Which lines belong in your copy? Those from the start of the data through the line with "Na 21 střediscích", exactly as written, without any pictures.

--- DATA FOR THE TASK ---

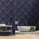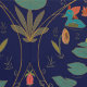 Marinebecken Heronsee Wiederbelebende Tapete mit einem von Anne Londez gezeichneten Muster, das Natur und Artenvielfalt für eine elegante Kunsthandwerkskunst-Wohngestaltung zelebriert. Können Sie die Helden, Enten, Eule, Libelle und Frosch sehen, die sich hinter einer Lotus-Blume verstecken?
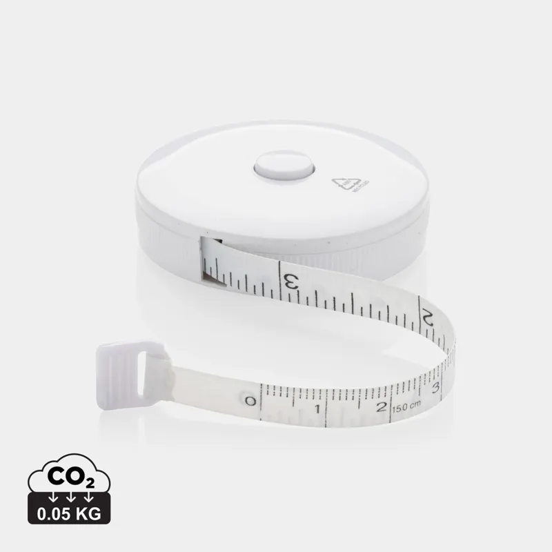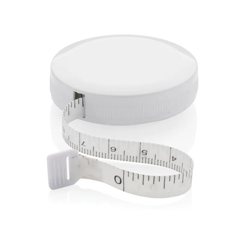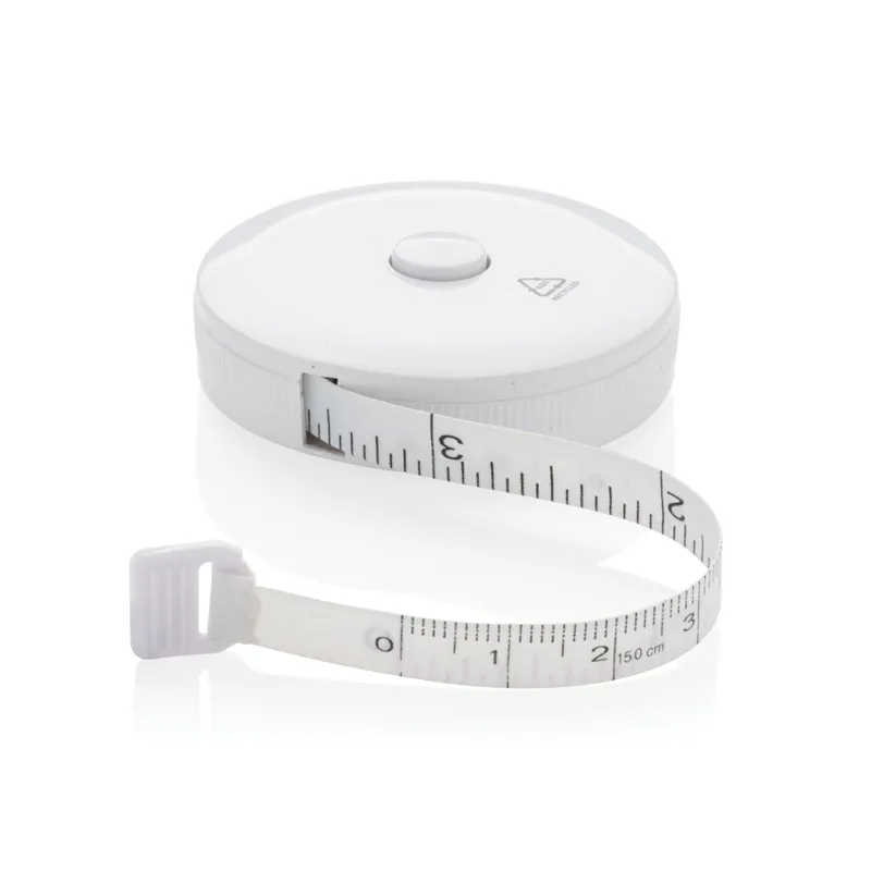 1,5 m/60 hüvelykes újrahasznosított műanyag szalag visszahúzó gombbal, fitneszhez és divathoz. A tok RCS újrahasznosított ABS műanyagból és üvegszálból készül. Teljes újrahasznosított anyag tartalom: 64% a termék összsúlya alapján. Az RCS-tanúsítvány biztosítja az újrahasznosított anyagok ellátási láncát. A szalag 8 mm széles és gombnyomásra visszahúzható. FSC® mix csomagolásban.
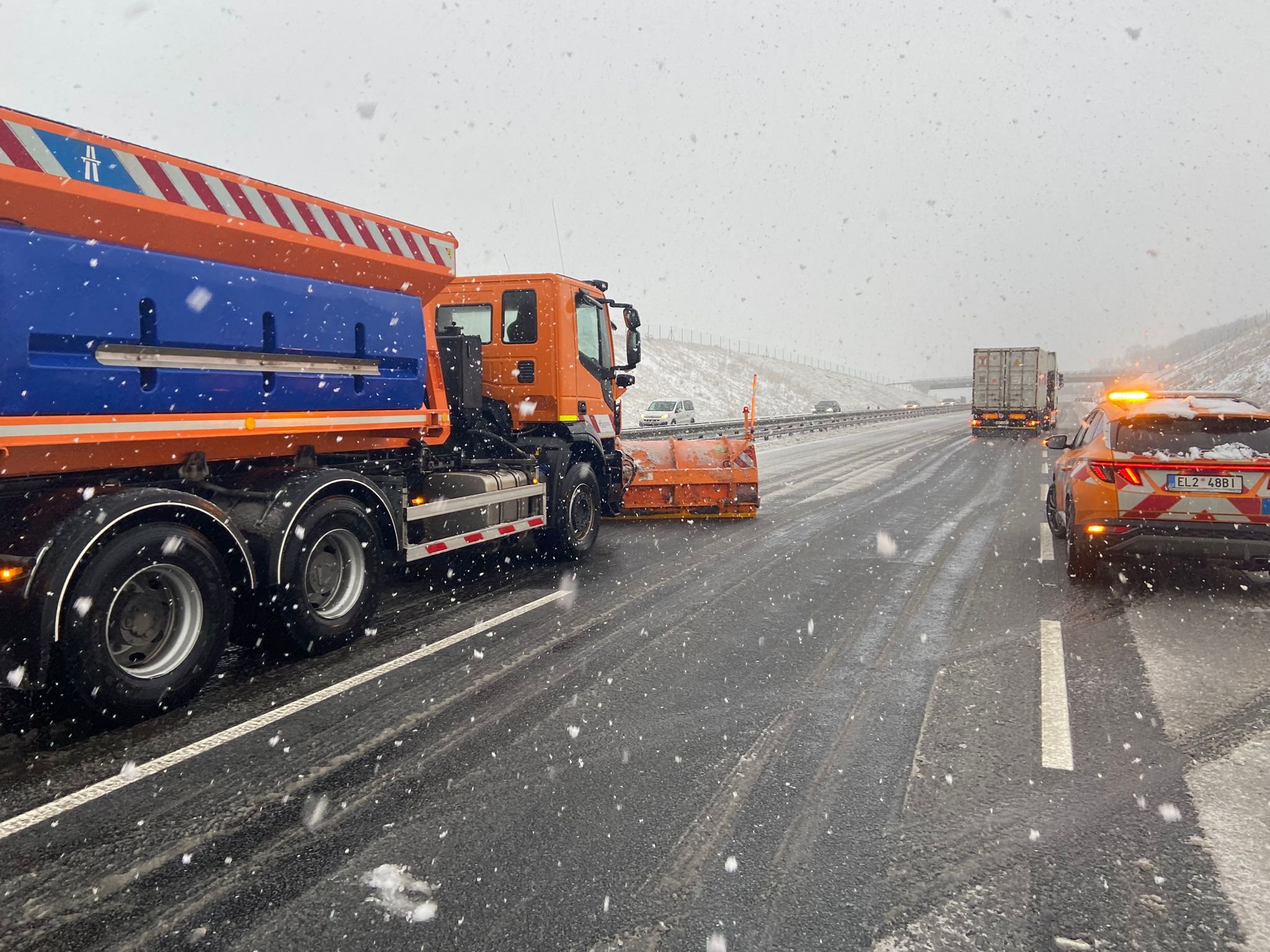 Na 21 střediscích správy a údržby dálnice je do připravených směn zařazených 672 řidičů a 150 dispečerů. Vedle 213 sypačů má ŘSD také 62 univerzálních vozidel s různým vybavením – při velkém sněžení se využijí třeba mohutné frézy schopné zvládnout i ty největší závěje. K nakládání soli do sypačů má ŘSD 52 nakladačů. V každém středisku je centrum pro výrobu a distribuci solanky, což je roztok vody a chloridu sodného nebo chloridu vápenatého. Během zimy se solanka vyrábí podle potřeby: za minulou zimu se spotřebovalo 6,1 milionu litrů solanky. Spotřeba soli byla v uplynulé zimě 17 000 tun.
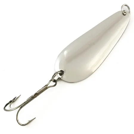 Nikkelöinti peittää tämän 7,5 cm (3") lusikan koko pinnan, tarjoten erittäin välkkyvän viimeistelyn, johon kalastajat ovat luottaneet vuosikymmeniä. 17 gramman (3/5 oz) painoinen metallirunko on riittävän jämäkkä pitkiin heittoihin tai uisteluun, kun tarvitaan voimakasta profiilia. Koveralla puolella on selkeä tuotemerkin leima, joka on Lindy / Little Joe -perinnön tunnusmerkki laadukkaassa yhdysvaltalaisessa valmistuksessa. Tämä nimenomainen yksilö, tuotekoodiltaan 6287, on 5/5-kunnossa ja siinä on hyvin säilyneen vieheen kirkas, virheetön hohde. Varusteet ovat yhtä lailla siistit: tukeva kolmihaarakoukku ja uistinrenkaat on tehty kestämään kovaa käyttöä erilaisissa makean veden ympäristöissä. Sen virtaviivainen, pitkänomainen pisaramuoto on klassinen muotoilu, joka on suunniteltu heijastamaan valoa useista eri kulmista jopa syvissä tai sameissa olosuhteissa.
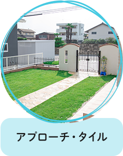 道路から玄関までを結ぶアプローチは、デザイン性と安全性を重視しましょう。雨の日には滑りにくく、お手入れもしやすいタイルの施工もオススメです。
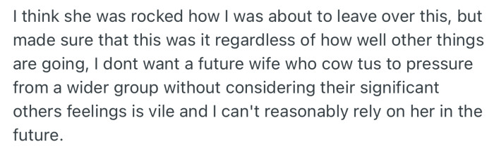 Meanwhile, the woman’s side keeps circling back to the social circle issue, like she’s trying to avoid tension at every gathering her friends will attend.
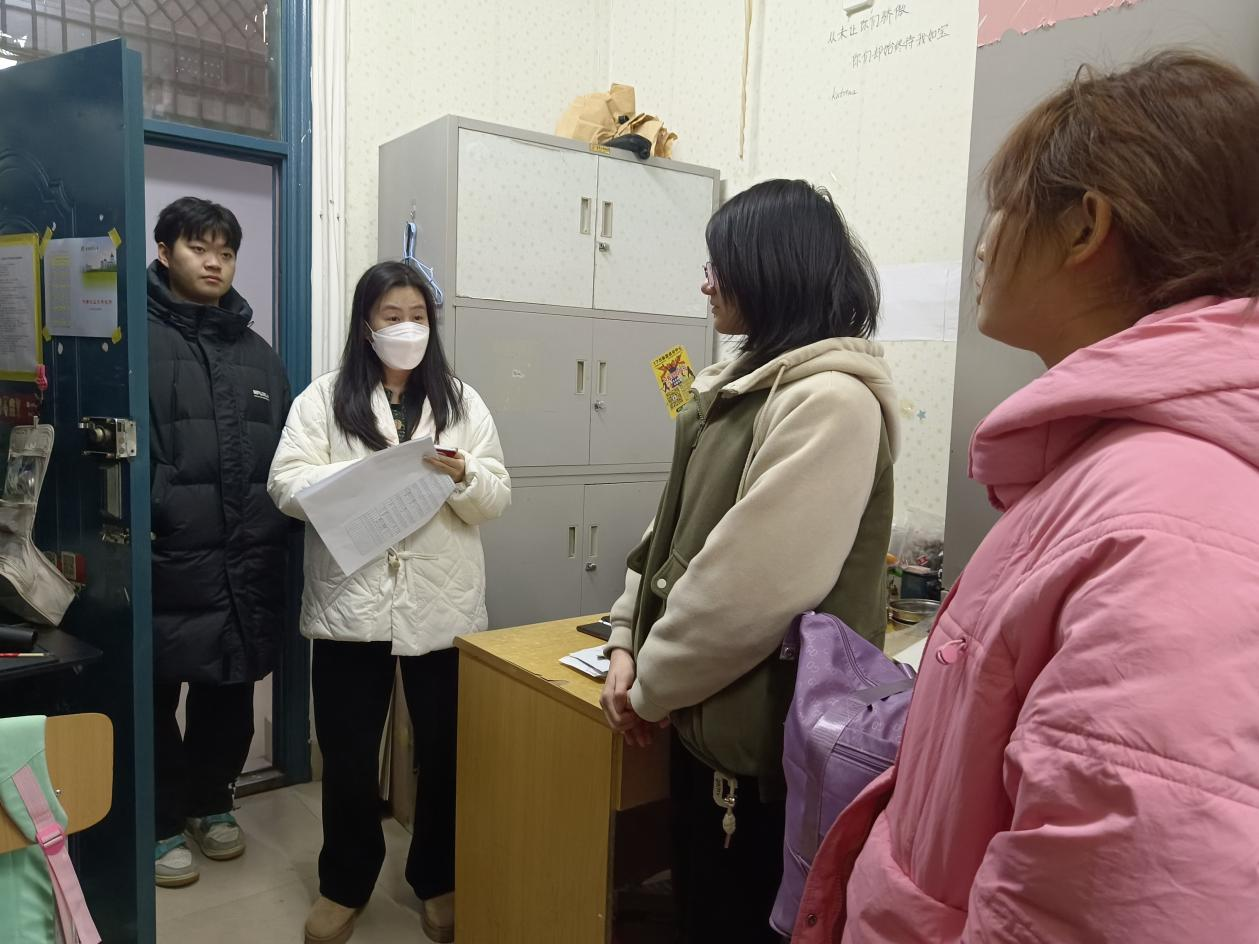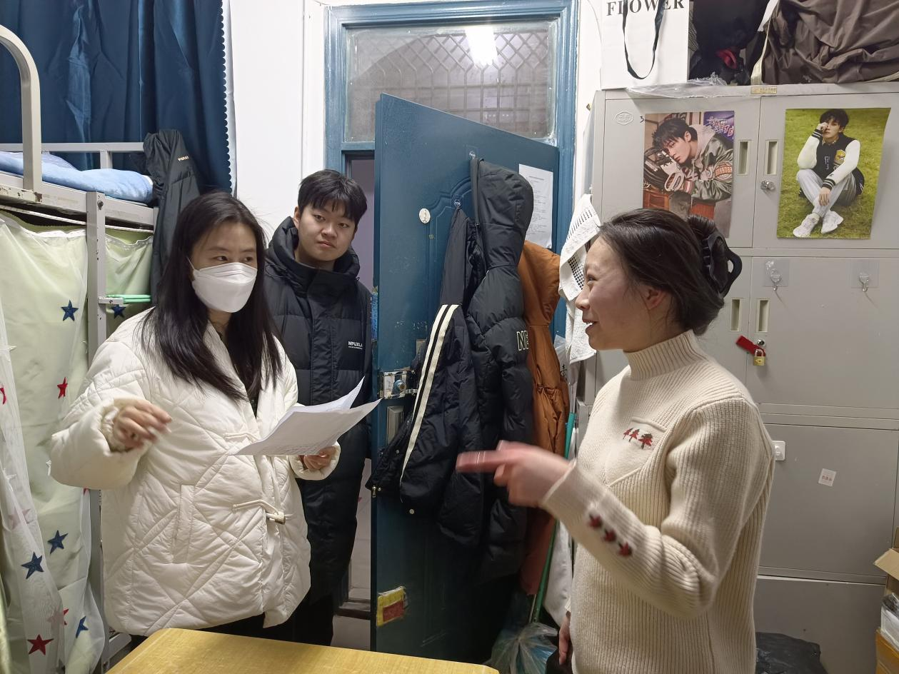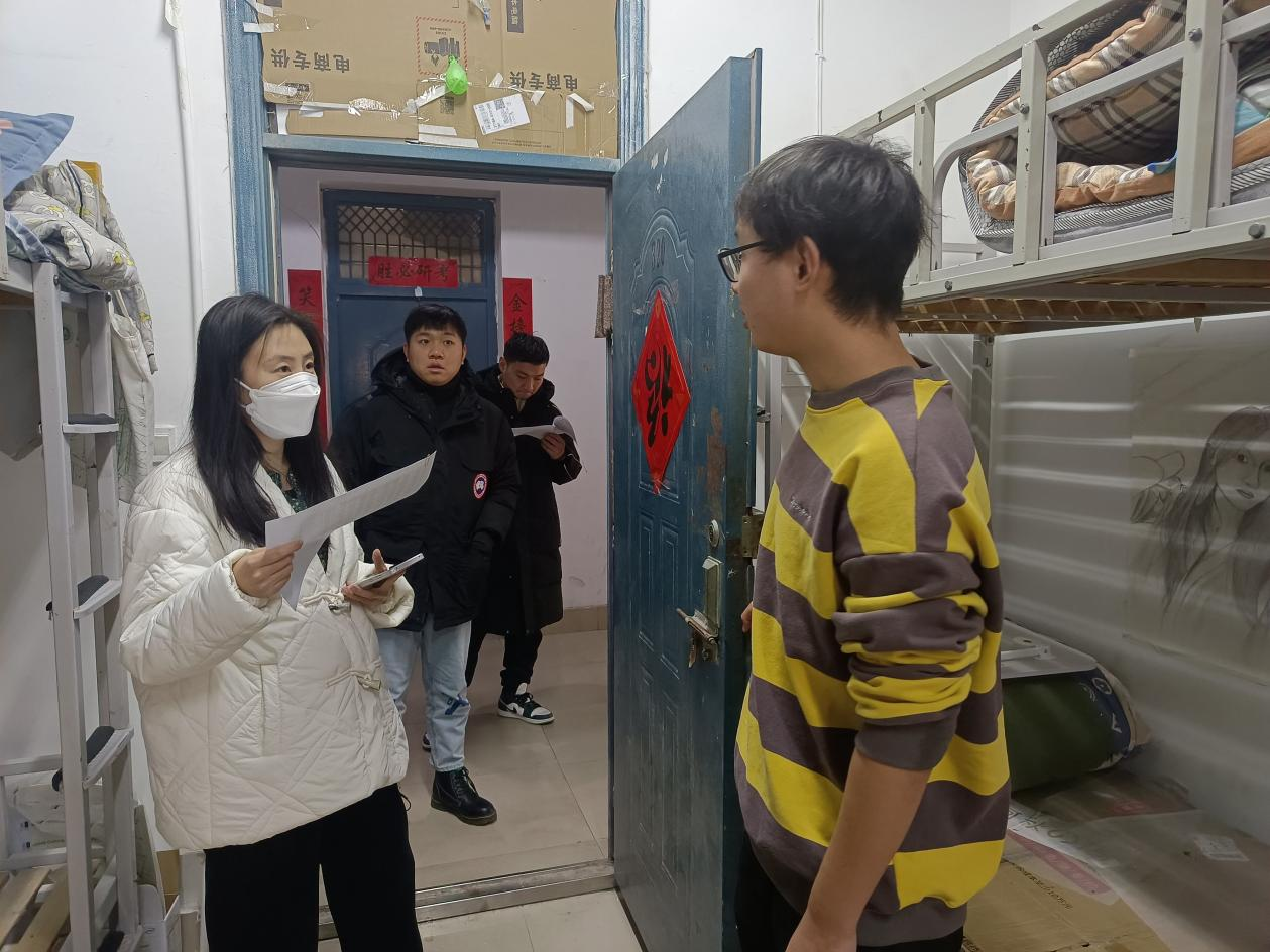 团委老师前往学生宿舍对即将离校的学生进行走访慰问,为学生送去温暖与关怀。
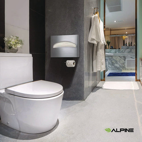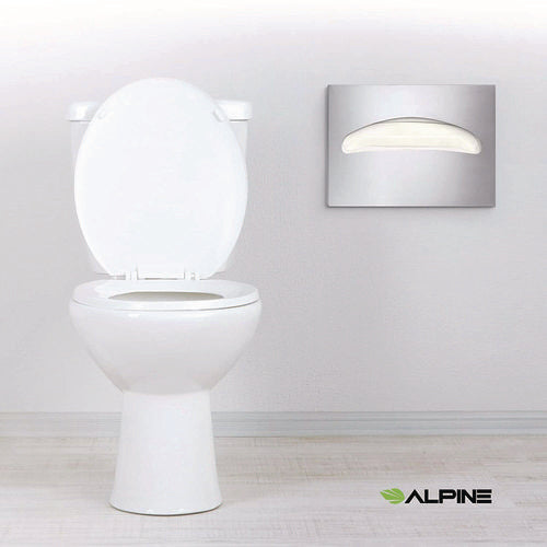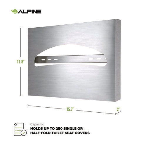 An easy, economical solution to a common problem, the Alpine Industries Toilet Seat Cover Dispenser distributes clean, sanitary seat covers in high-traffic restrooms. Allow your patrons, employees and visitors to have peace of mind when using the restroom by providing them with seat covers that will reduce the spread of germs. Made using 304 stainless steel construction, this dispenser will provide long-lasting strength and use for years to come. It features a rectangular shape with an arch-shaped dispensing area and has with a brushed finish that will fit into and enhance any existing decor. The dispenser comes with included hardware so you can easily mount onto any wall or stall area. It will make a great addition to any frequented restroom, including offices, restaurants, breakrooms, hospitals, healthcare facilities, schools, rest areas and much more. When the need arises, it can be easily filled up again from the bottom of unit.
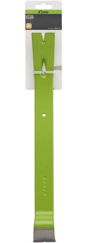 Łom wykonany z płaskownika. Przeznaczony do mniejszych i bardziej delikatnych prac wymagających podważania lub regulacji. Można używać jako skrobaka do usuwania resztek farby albo betonu przy mniejszych pracach betoniarskich. Kilka funkcji wyciągania gwoździ. Otwór do dołączenia zabezpieczenia narzędzia.
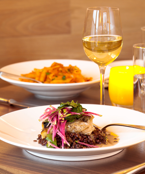 aMano Restaurant in Mattituck serves dinner daily beginning at 5 p.m. and lunch on Saturday and Sunday beginning at noon. Dinner items, subject to change, include: tomato, basil and mozzarella and smoked duck, roasted tomatoes, fontina and saba, wood-fired pizzas; charred octopus with seedless grapes, fingerling potatoes, capers, red onion and black olive vinaigrette; Bibb salad with smoked duck, pignoli, sundried cherries and white balsamic vinaigrette; housemade ricotta gnocchi, wild mushrooms, truffle oil and shaved Parmigianino; whole-roasted branzino with garlic-scented spinach, extra virgin olive oil and lemon jam; marinated pork chop with roasted peppers, balsamic-red wine glaze, duck-fat potatoes and apple-cinnamon compote; and stuffed veal chop with prosciutto, truffled pecorino, sage, pancetta-scallion potato mash and mushroom glaze. 631-298-4800 amanorestaurant.com.
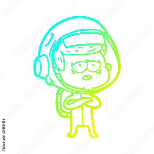cold gradient line drawing cartoon tired astronaut
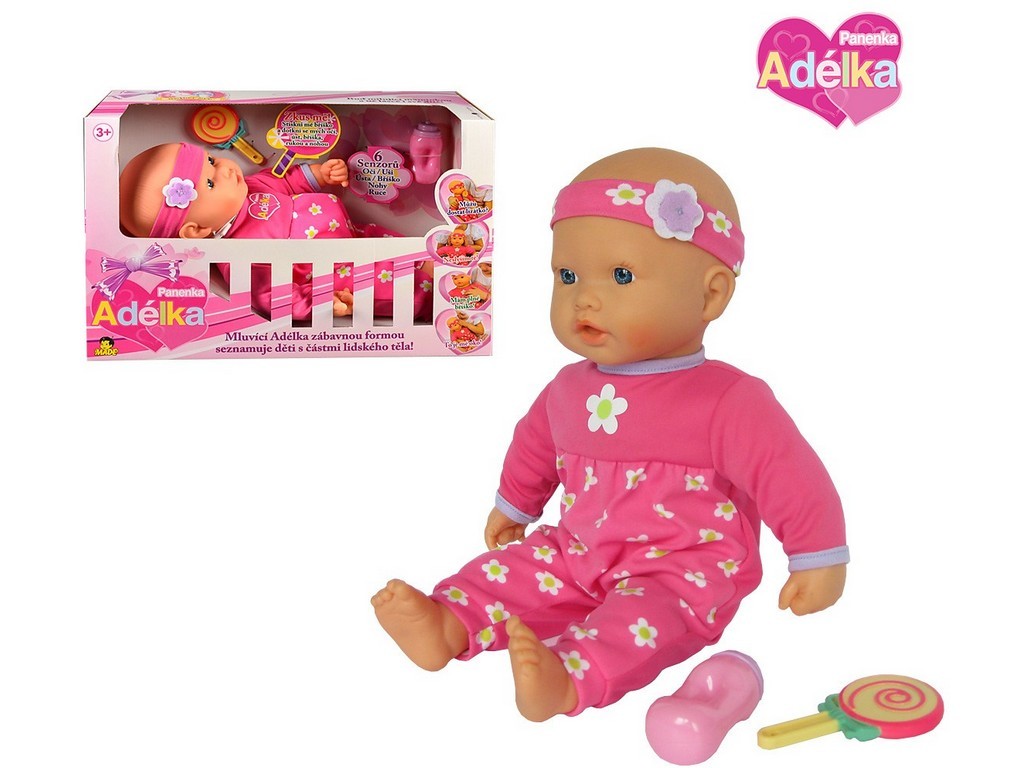 Adélka povídá o lidském těle.Mluvící panenka Adélka zábavnou formou seznamuje děti s částmi lidského těla. Panenka reaguje na stisk ruky, nohy, ouška, úst, očí a bříška vždy nějakou větou.Napájení: 3x baterie 1,5V typu "AA".Panenka měří 40 cm. przeczytaj całość
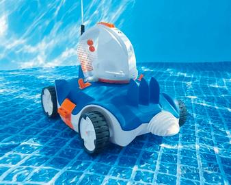 Goditi la tua piscina che a pulirla ci pensa AquaTronix! Questo robot cordless per piscine libera automaticamente il fondo dallo sporco accumulato, cambia direzione se incontra ostacoli e si spegne da solo una volta finito. Con una batteria ricaricabile a litio integrata e un tempo di ricarica di 5-6 ore, il robot aspiratore ha una mobilità illimitata perché non ha cavi e il suo ciclo di pulizia dura 90 minuti. Un sensore interno attiva l'aspiratore una volta immerso totalmente e lo disattiva se il livello dell'acqua è insufficiente, proteggendo il motore. Sono inclusi un kit per recuperare senza fatica il robot, una luce LED per l'uso notturno e i paraurti rimovibili. Le clip di blocco rendono la manutenzione e la pulizia un gioco da ragazzi: basta aprire il vano interno e rimuovere i detriti dal filtro in acciaio inossidabile. Il vano di raccolta può arrivare a contenere fino a 4,5 l di detriti prima che sia necessario svuotarlo.

---

#### ANSWER SECTION:
 Marinebecken Heronsee Wiederbelebende Tapete mit einem von Anne Londez gezeichneten Muster, das Natur und Artenvielfalt für eine elegante Kunsthandwerkskunst-Wohngestaltung zelebriert. Können Sie die Helden, Enten, Eule, Libelle und Frosch sehen, die sich hinter einer Lotus-Blume verstecken?
 1,5 m/60 hüvelykes újrahasznosított műanyag szalag visszahúzó gombbal, fitneszhez és divathoz. A tok RCS újrahasznosított ABS műanyagból és üvegszálból készül. Teljes újrahasznosított anyag tartalom: 64% a termék összsúlya alapján. Az RCS-tanúsítvány biztosítja az újrahasznosított anyagok ellátási láncát. A szalag 8 mm széles és gombnyomásra visszahúzható. FSC® mix csomagolásban.
 Na 21 střediscích správy a údržby dálnice je do připravených směn zařazených 672 řidičů a 150 dispečerů. Vedle 213 sypačů má ŘSD také 62 univerzálních vozidel s různým vybavením – při velkém sněžení se využijí třeba mohutné frézy schopné zvládnout i ty největší závěje. K nakládání soli do sypačů má ŘSD 52 nakladačů. V každém středisku je centrum pro výrobu a distribuci solanky, což je roztok vody a chloridu sodného nebo chloridu vápenatého. Během zimy se solanka vyrábí podle potřeby: za minulou zimu se spotřebovalo 6,1 milionu litrů solanky. Spotřeba soli byla v uplynulé zimě 17 000 tun.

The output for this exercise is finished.